There's good news and bad news for those of you wanting to purchase a socketed Intel processor with high-end integrated graphics. Let's start with the bad news.

As has been reported earlier and now confirmed by Intel, there are no plans to produce a socketed Skylake CPU with eDRAM. This essentially means there will be no flagship Skylake part for desktops with high-end Iris or Iris Pro integrated graphics, as both of these GPU families use eDRAM in Skylake SKUs.

eDRAM acts as L4 cache for the CPU and GPU, improving the performance of both. The extra cache is mostly beneficial when gaming on integrated graphics, but it can boost performance in other situations.

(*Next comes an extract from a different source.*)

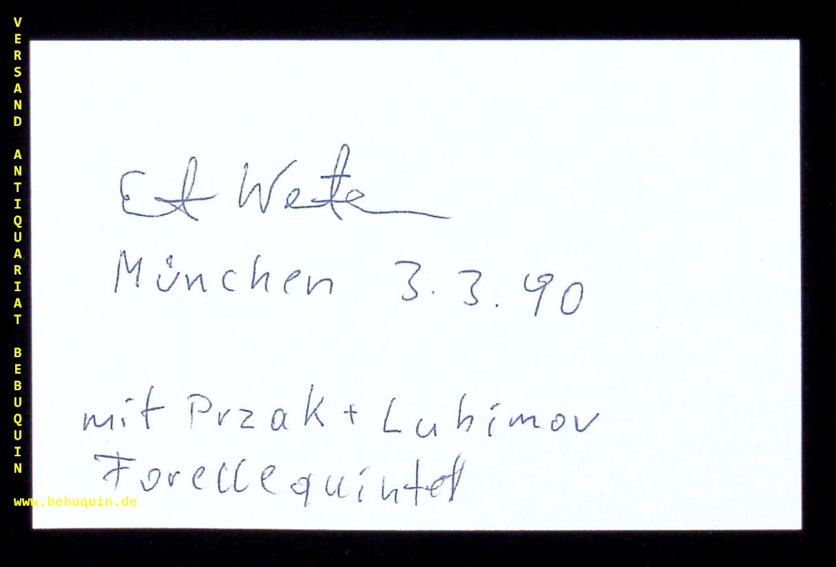 WEISSENSTEINER, ERnst (Bassist): eigenhändig signierte und datierte Autogrammkarte. München (Philharmonie), 3.3.1990. 8 x 12,5 cm. Karteikarte. Ernst Weissensteiner (geboren 1965), Solobassist der Wiener Symphoniker und Leiter einer Kontrabassklasse an der Konservatorium Wien Privatuniversität, erhielt seine musikalische Ausbildung an der Universität für Musik in Wien bei Ludwig Streicher. 1989 erhielt er sein Diplom mit Auszeichnung sowie die Zuerkennung eines Würdigungspreises durch das Bundesministerium für Wissenschaft und Kunst. Regelmäßige Konzerttätigkeit mit dem Klangforum Wien, Chamber Orchestra of Europe, Vienna Art Orchestra und Konzerte mit Joe Zawinul, Ingrid Janson, Tatiana Grintenko, Alexei Lubimov, Nigel Kennedy, dem Vienna Symphony Jazz Project, Vienna Bass&oon Quartet, Dolby`s Around und dem Kontrabass Sextett Bass Instinct zeugen von stilistischer Lebendigkeit. Viele zeitgenössische Komponisten vertrauen ihm ihre Kompositionen an, um sie von seiner spieltechnischen Meisterschaft und seinem Interesse an neuer Musik aus der Taufe heben zu lassen. (Musik Graz)

Intel will ship mobile CPUs in the near future with Iris Pro (GT3e/GT4e) graphics and 128 MB of eDRAM as part of the Skylake-H line, while Iris graphics and 64 MB of eDRAM are currently available in some mobile Skylake-U parts. On the desktop, however, Broadwell will remain the flagship part for integrated graphics until Intel launches a new line of CPUs.

The good news is that, contrary to some reports, Intel are not discontinuing their socketed Broadwell processors. The Core i7-5775C and i5-5675C only launched three months ago, and they will continue to be available for system builders wanting a high-end part with powerful integrated graphics.